A trama se inicia com Lucas lendo uma história para sua filha, Alice, e, ao ouvir a música Ocean, da banda Native, é transportado para aquele dia 20 de julho de 2019 (15 anos antes), em Campos de Jordão, onde tudo começou.

Lucas estava na cidade para o casamento do irmão Yan (a futura esposa chama Renata… Não foi uma homenagem, mas fiquei honrada… Obrigada!), e como tem o dia livre até o horário da cerimônia, decide seguir as dicas de um guia, que lhe orienta a pegar o bondinho, e lá conhece Ana.

Assim que coloca seus olhos na garota, algo lhe atrai. Ele tenta ignorar seja lá o que aconteceu e se concentrar em sua leitura, mas logo Ana o interrompe, e diz que ele está lendo seu livro favorito. A partir desse primeiro diálogo, fica claro para ambos que algo além do que possam explicar está acontecendo entre eles. Não é apenas o amor pelos livros que compartilham, mas parece que todos seus pensamentos se completam, e um sabe dizer exatamente o que o outro pensa.

Após o passeio de bondinho, percebem que não querem se separar e fazem um “combinado”. Como os dois têm que ir embora no dia seguinte, vão passar as próximas 24 horas juntos, aproveitando a companhia e desbravando cada canto daquela cidade fria, mas com o poder de aquecer até o mais gelado dos corações.

Ambos são românticos incuráveis, mas parece que, depois de se decepcionarem uma porção de vezes em antigos relacionamentos, não acreditam muito naquela história de “alma gêmea”, então lutam ao máximo contra aquela vozinha que insiste em lhes dizer que o que está acontecendo entre eles é amor. Alerta spoiler: não adianta fugir!

Foto por Saeid Anvar em Pexels.com

Os capítulos são narrados na terceira pessoa, mas cada um na perspectiva de um dos dois. Por serem capítulos curtos, a leitura flui, e é praticamente impossível parar de ler. Eu queria viver cada segundo daquelas 24 horas com os dois.

Eu adoro ler livros nacionais ou contemporâneos por ser fácil fazermos ligações com as referências, e foi uma das coisas que eu mais gostei na leitura. Sinto que criamos identificação instantânea quando entendemos algo que foi citado. Além da personagem com meu nome (eu sei que foi coincidência), o Lucas ama os livros de “Crepúsculo” e alguns dos livros favoritos da Ana são “Harry Potter e o Prisioneiro de Azkaban” (é o meu favorito da saga) e “Me chame pelo seu nome” – temos resenha aqui. Além de citarem autores que eu adoro, como Gillian Flynn e Sally Rooney, a série “Friends” e ambos morarem em São Paulo (assim como eu). Bônus para uma parte em que cita uma casa assombrada em Ribeirão Preto – eu sou de lá! Me conta essa história melhor Mateus!

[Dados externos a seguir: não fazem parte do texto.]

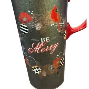 Cypress Home Ceramic Travel Coffee Latte Tea Mug BE MERRY Christmas Cardinal 17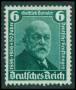 1936. 6 pf. grøn med variant: Trappe ved venstre øre. Mi. (604 III)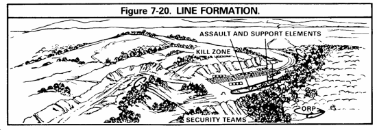 Linear (or Line) – A linear ambush places both its’ assault and support elements on line, parallel to the kill zone.  This usually provides a fairly lengthy kill zone with fires being directed at the flanks of the enemy. Obviously, you want to get as much of the enemy as possible in the kill zone prior to firing the first round. Fire too early or too late and the availability of targets are diminished. Additionally, a well-disciplined enemy will utilize dispersion in his maneuver. Dispersed vehicles again, limit the availability of targets in the linear ambush.  A linear ambush is usually easier to execute and command and control than other formations.
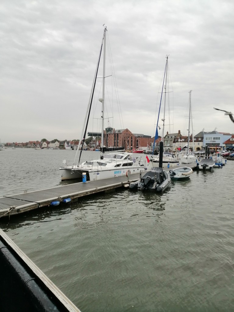 After very heavy rain during the night, it was a bright and sunny morning. In the marina there was hardly a breath of wind but the forecast showed SE F6/7. That seemed a bit strong to me, having been caught out so many times this trip, but it was a following wind and we were heading into more sheltered waters, we made the decision to go.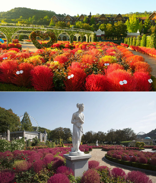 에버랜드 장미원을 화사한 붉은색으로 수놓은 코키아들. 가을이면 다른 식물들보다 일찍, 그리고 더 선명하게 붉은색으로 변하는 특성을 갖고 있는 코키아가 가을 조경축제의 새로운 주인공으로 변신해 관람객을 맞고 있다. 사진제공|에버랜드

O autor nos contou que a história surgiu para ele enquanto ouvia uma música, – aquela que eu já disse lá atrás (Ocean) – e fui correndo escutar. Assim como o cantor nos diz que prefere conhecer o oceano apenas uma vez, e sentir falta daquilo pro resto da vida, do que nunca sentir a areia sob seus pés descalços, Ana e Lucas também preferiram viver aquela história de amor por um dia, pois mesmo sentindo falta pelo resto da vida, descobririam, enfim, qual é o sobrenome do amor.

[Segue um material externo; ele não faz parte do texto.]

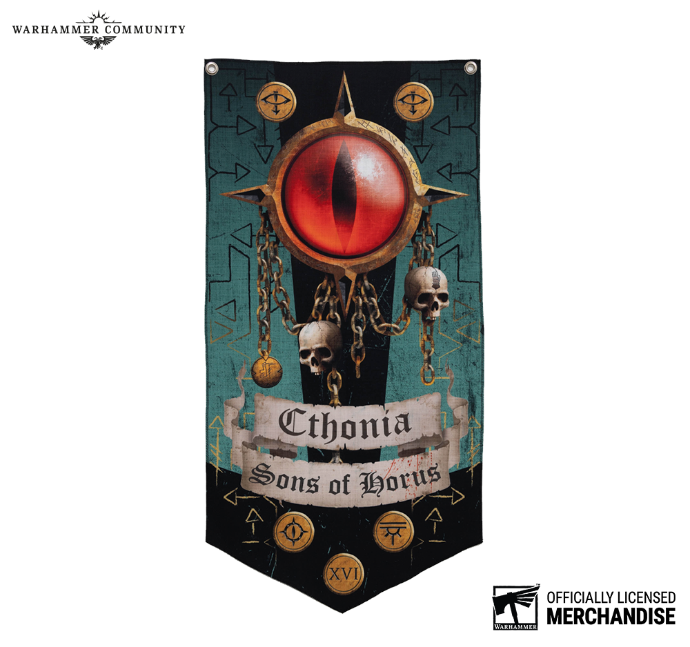 A few new reveals for the official Warhammer Merch store, ranging from new Horus Heresy-era wall banners (such as the one pictured above) to water bottles. The banners are terrific- I have one for the modern-era Night Lords- and it really ties the room together2.

O livro ainda é embalado por músicas, e o Mateus criou uma playlist linda, na qual podemos escutar as mesmas músicas enquanto lemos a história, assim como Ana e Lucas fazem durante todo aquele dia.

A história não tem grandes dramas e nem grandes reviravoltas, e foi isso o que mais me ganhou. Alguns podem achar que um romance bom é feito de traições ou brigas, mas pra mim uma boa história de amor tem que ter o que queremos em um relacionamento – momentos leves, picantes, divertidos e que nos fazem se conectar com algo, ou alguém. P.S: eu tenho a sorte de dizer que tenho tudo isso. Obrigada Grande Baleia!

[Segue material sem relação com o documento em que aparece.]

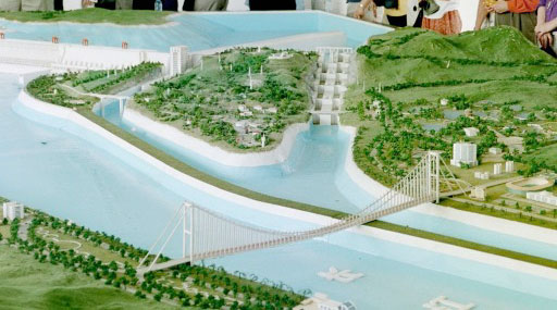 Model of the Three Gorges Dam showing the ship Lift and the double 5 Step Locks. The ship lift is to the right of the dam body with its own designated waterway. The ship locks are to the right (northeast) of the ship lift.

Com um final digno de todas aquelas 24 horas de amor, o autor nos emociona e nos deixa com vontade de reviver aquele dia inteiro de novo, assim como querem os personagens. Muito obrigada Mateus por nos convidar para fazer parte dessa aventura.

Eu definitivamente vou me recordar desse livro. Agora fica com vocês a pergunta: esse é um livro para recordar?

Se interessou pelo livro?

👈 Clique aqui, adquira o seu e conte pra gente se ele é um livro para recordar.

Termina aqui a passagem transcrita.